Human-assisted scientific manuscripts with LLMs

23 May 2026

git version-control prose ai deep-learning llm scientific-publishing reproducibility rigor

By popular request, I’m going to share how I wrote some recent projects and their corresponding LaTeX manuscripts in Overleaf using the Scientific Repositories approach I outlined in my previous post in this series.

Previously:

Scientific repositories

Scientific conventional commits

Paper-writing with LLMs (expect some major updates soon!)

If you’re just here for a Skill.md for your favorite LLM, you can just click through to my GitHub repository.

This approach assumes you’re using the scientific-repos pattern to organize your project, and Overleaf to collaboratively write your manuscript in LaTeX with your coauthors.

Here are a few patterns and tools I now use daily to conduct my human-machine team science without sacrificing rigor or reproducibility…and critically, without the horrible, lossy process of copy-pasting text between Overleaf and an LLM chat.¹

Make your Overleaf repository a git submodule of your scientific repository

In my Scientific Repositories repository, I recommend to you and your favorite bot that you make your overleaf repository a git submodule of your scientific repository.
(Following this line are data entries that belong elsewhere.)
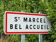 Panneau d'agglomération de Saint-Marcel-Bel-Accueil.
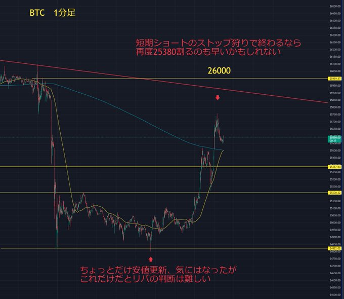 ◇BTC・ETH短期チャート(1分足) 昨日21時近辺にBTC,ETH共に安値をちょこっと割ったので、気にはなりましたが、小さすぎてリバの判断は出来ず(´・ω・`) BTCは直近安値を割って戻るときは、その後リバしやすいです…
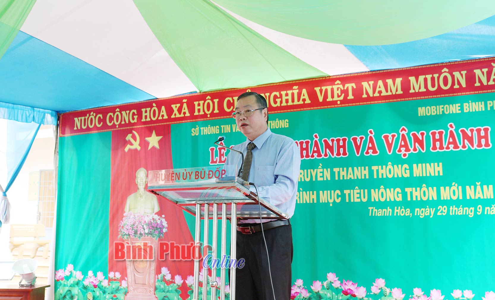 Phó chủ tịch UBND tỉnh Huỳnh Anh Minh phát biểu tại lễ khánh thànhPhát biểu tại buổi lễ, Phó chủ tịch UBND tỉnh Huỳnh Anh Minh đánh giá cao tinh thần trách nhiệm và sự phối hợp thực hiện dự án nhanh chóng, hiệu quả của Sở Thông tin và Truyền thông, MobiFone Bình Phước và các đơn vị liên quan.
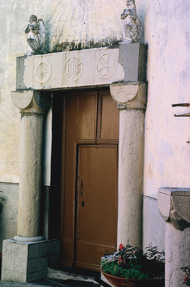 Due colonne reggono l'architrave monolitico sormontato da due angioli ed intagliato con Trigramma gotico tra una stella e una croce; all'interno della chiesa è conservata una anonima "Madonna del Rosario" del 1653.
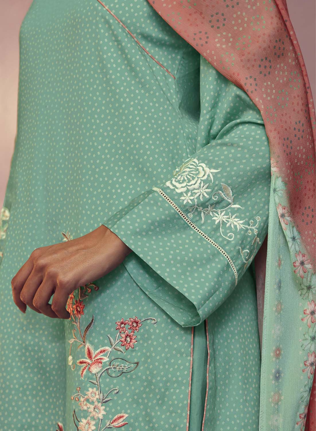 - Fabric Top: Pure Cotton Satin Bandhini Print with Parsi Embroidery on Front and Sleeves
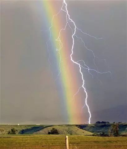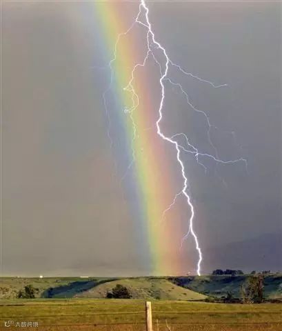神奇!闪电和彩虹竟然同时出现,两者并列,更增添了一分特殊的美感。
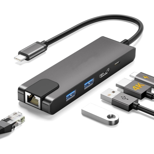 USB C Ethernet Hub-1000Mbps, 5 in 1 USB C Dongle USB C Multiport Adapter with HDMI 4K, 2 USB 3.0, 100W PD, USB C Dock for MacBook Pro/Air M1, iPad Pro, Chromecast, Switch, PS4
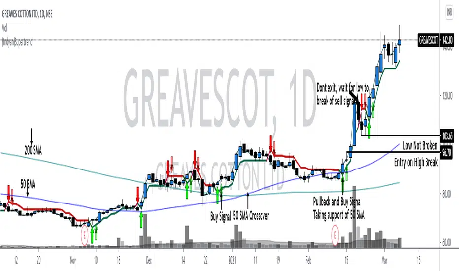 A very simple but effective supertrend startegy which help u to get good RR. It is combination of 3 supertrend values with sma crossover. Enrty at pullback after sma crossover , exit only if sell signal low is broken.
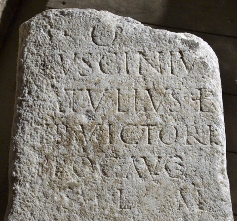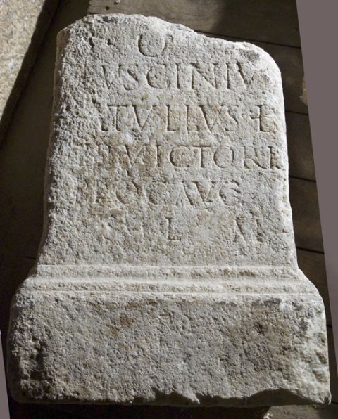 - I(ovi) o(ptimo) m(aximo) / C(aius) Fuscinius / Catullus b(ene)f(iciarius) / Ulp(ii) Victoris / proc(uratoris) Aug(usti) / v(otum) s(olvit) l(ibens) m(erito)
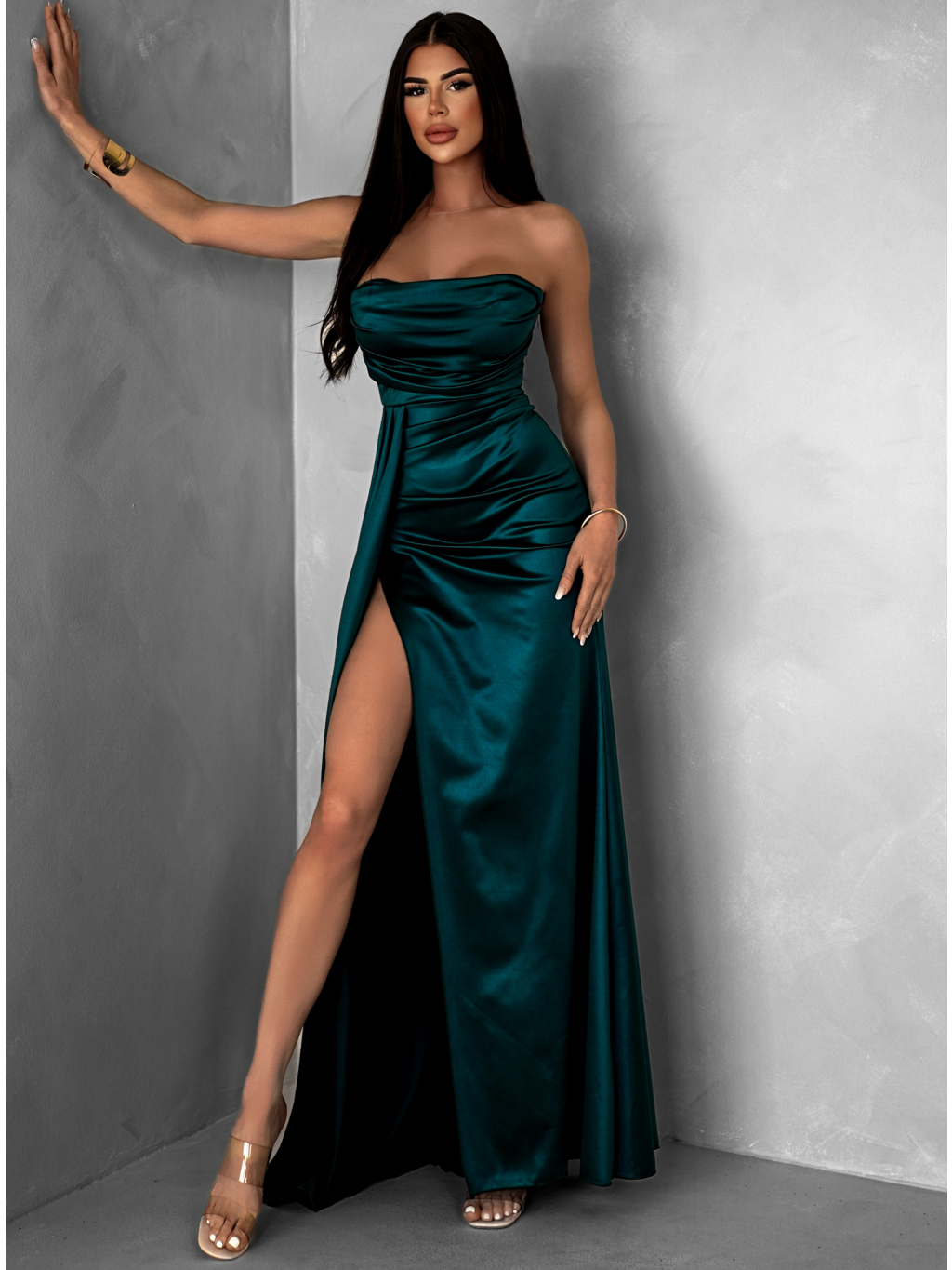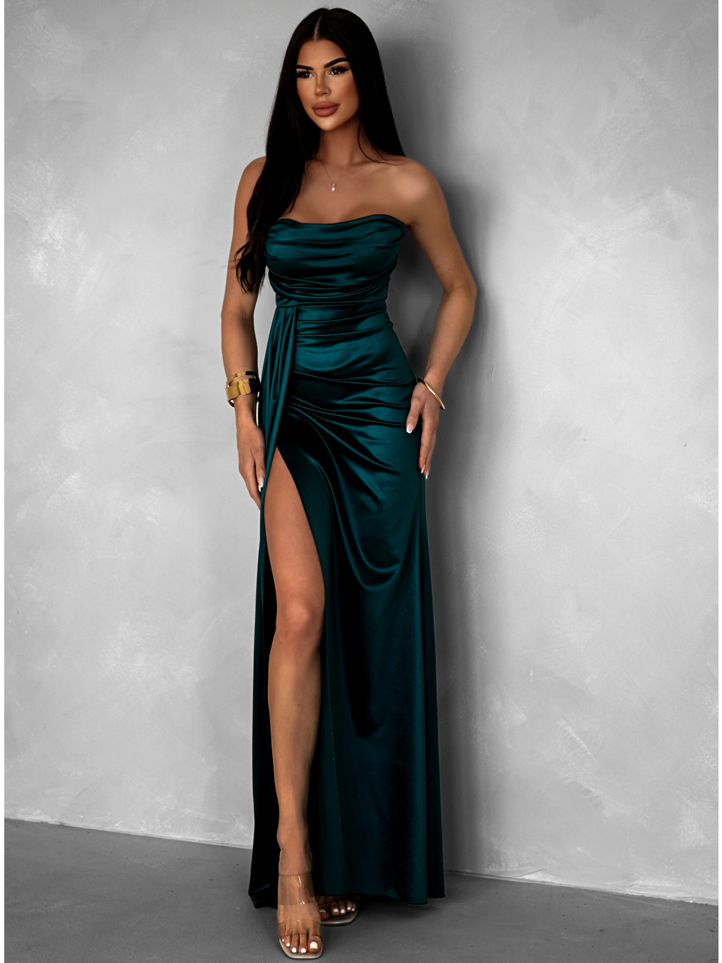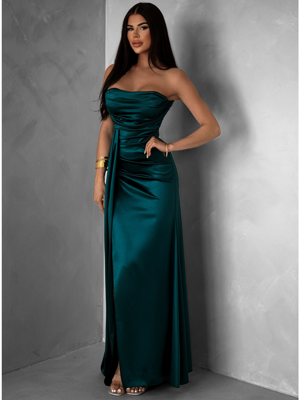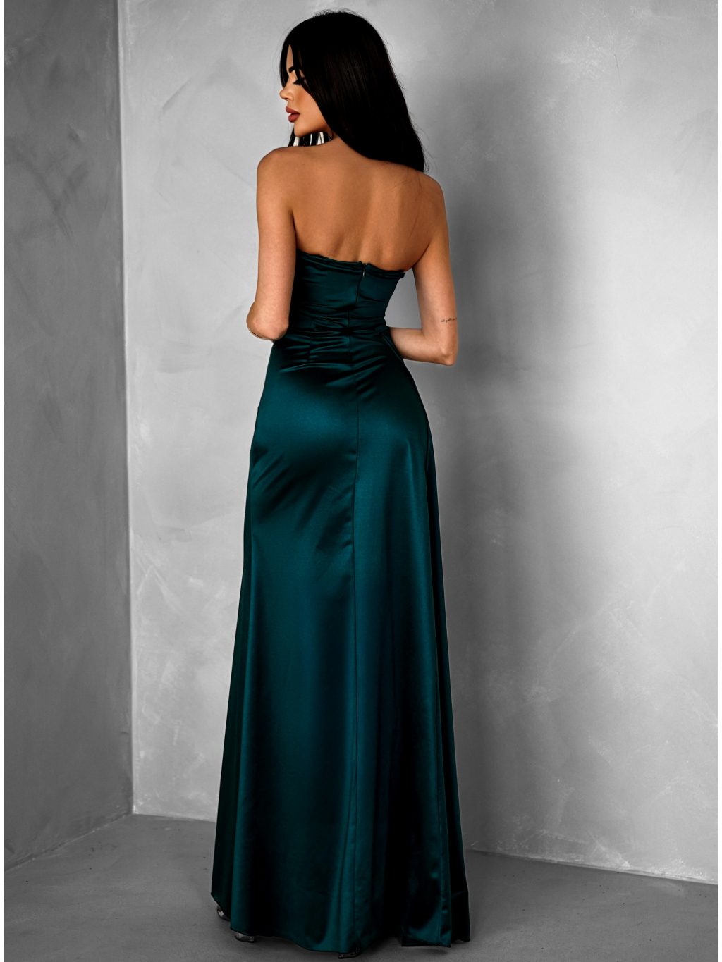 Smaragdové dlouhé korzetové společenské šaty ALITAN s rozparkem
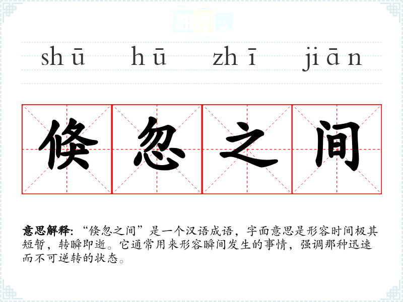- 反义成语:历久弥新、长久不衰。这些成语强调时间的延续性和持久性,与“倏忽之间”的瞬间感形成对比。
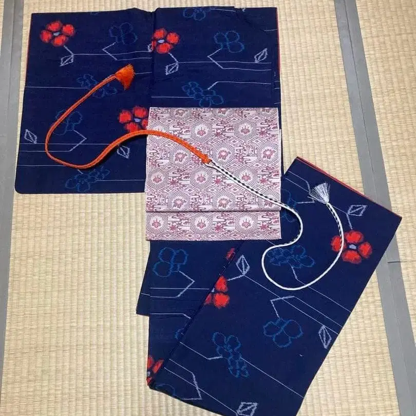 새상품급 앤티크 울 기모노 나고야 오비 매실매실 세트 설날
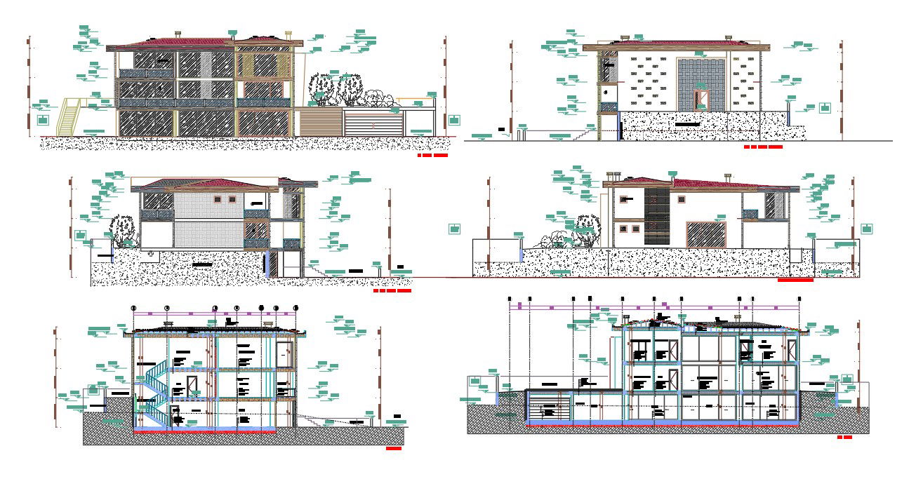 The Modern architecture bungalow house building all section drawing and elevation design which is a number of different angle view designs that shows 3 storey floor level building structure design, truss span roof and compound wall. download modern bungalow design AutoCAD and use this drawing your new project CAD presentation.
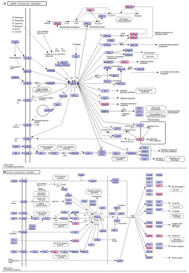 AMPK signaling pathway (A) and FOXO signaling pathway (B).
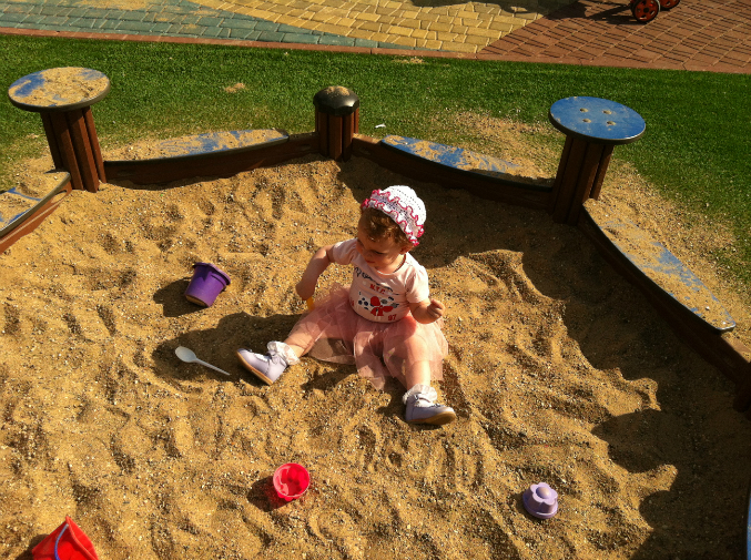 В песочнице мы часто сидим на попе, не умеет моя долго на коточках сидеть...
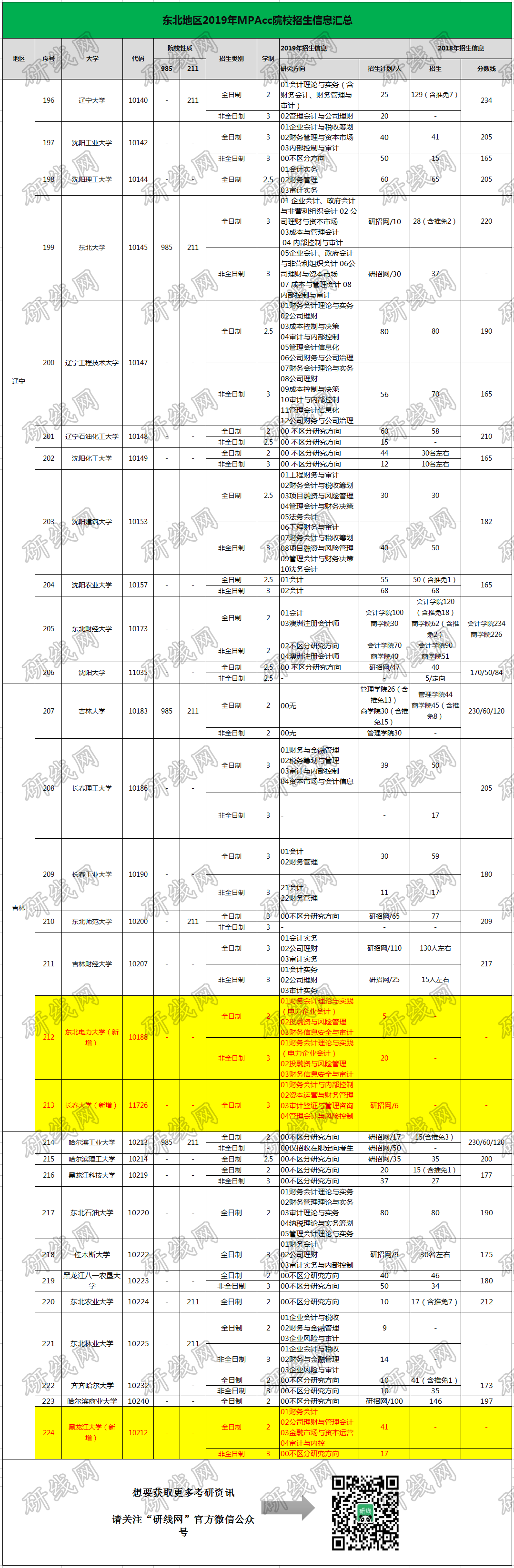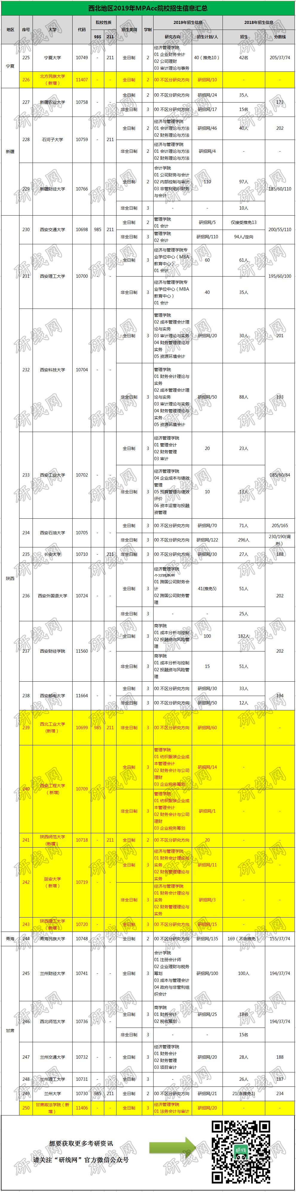 以上就是研线网整理汇总的2019会计专硕(MPAcc)东北、西北地区院校的招生信息,到这里,2019年会计专硕(MPAcc)各大地区院校招生信息汇总结束了。明天我们会将所有地区的院校招生信息整理汇总,敬请期待!
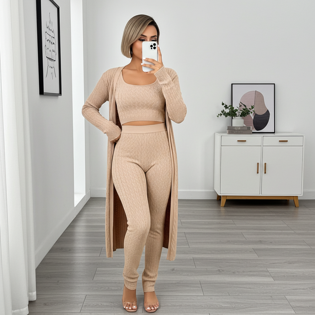 Tan Desiree Lounge Wear (Three Piece Set)-Kasheer Royalty
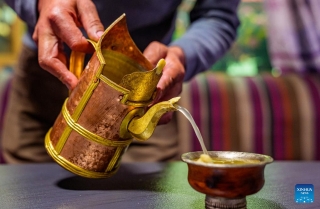 Chocho prepares a "chema" at his home in Lhasa, southwest China's Xizang Autonomous Region, Feb. 16, 2026. (Xinhua/Tenzin Nyida)
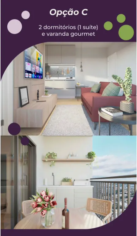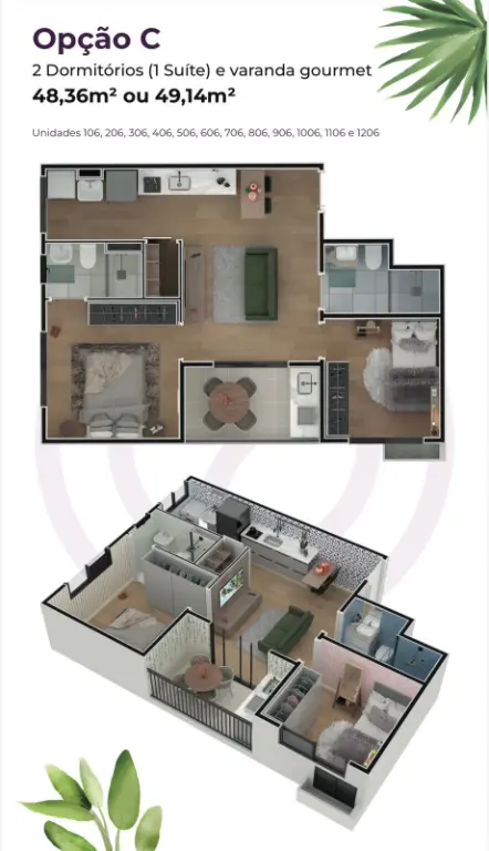 2 dormitórios com varanda e suíte, unidades com 48 m² ou 49 m²
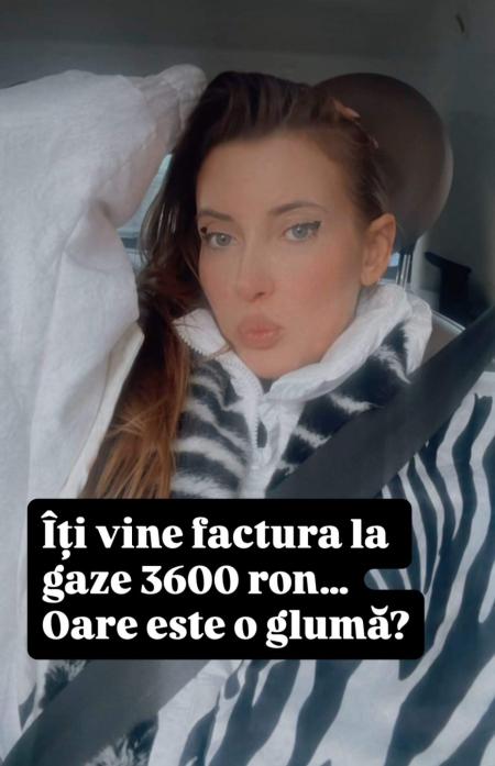 „Îți vine factura la gaze 3.600 ron... Oare este o glumă?”, a scris vedeta, subliniind că mulți români muncesc din greu o lună întreagă pentru ma puțin bani.

This allows you to keep your manuscript in sync with the rest of your project, and to use git to track changes to your manuscript alongside changes to your code and data.

To do this,

Go to your Overleaf project and click on the “Integrations” button on the side panel

Integrations side panel button in Overleaf

DON’T CLICK ON GITHUB! Instead, click on “Git” and follow the instructions to clone your Overleaf repository to your local machine. This will give you a git URL that you can use to add the Overleaf repository as a submodule to your scientific repository. It will give you a prompt like,

git clone https://git.overleaf.com/{YOUR PROJECT ID HERE}

Instead, cd to your scientific repository and run,

git submodule add https://git.overleaf.com/{YOUR PROJECT ID HERE} paper

Note the paper at the end of the command, which is the name of the subdirectory that will be created in your scientific repository to hold your manuscript.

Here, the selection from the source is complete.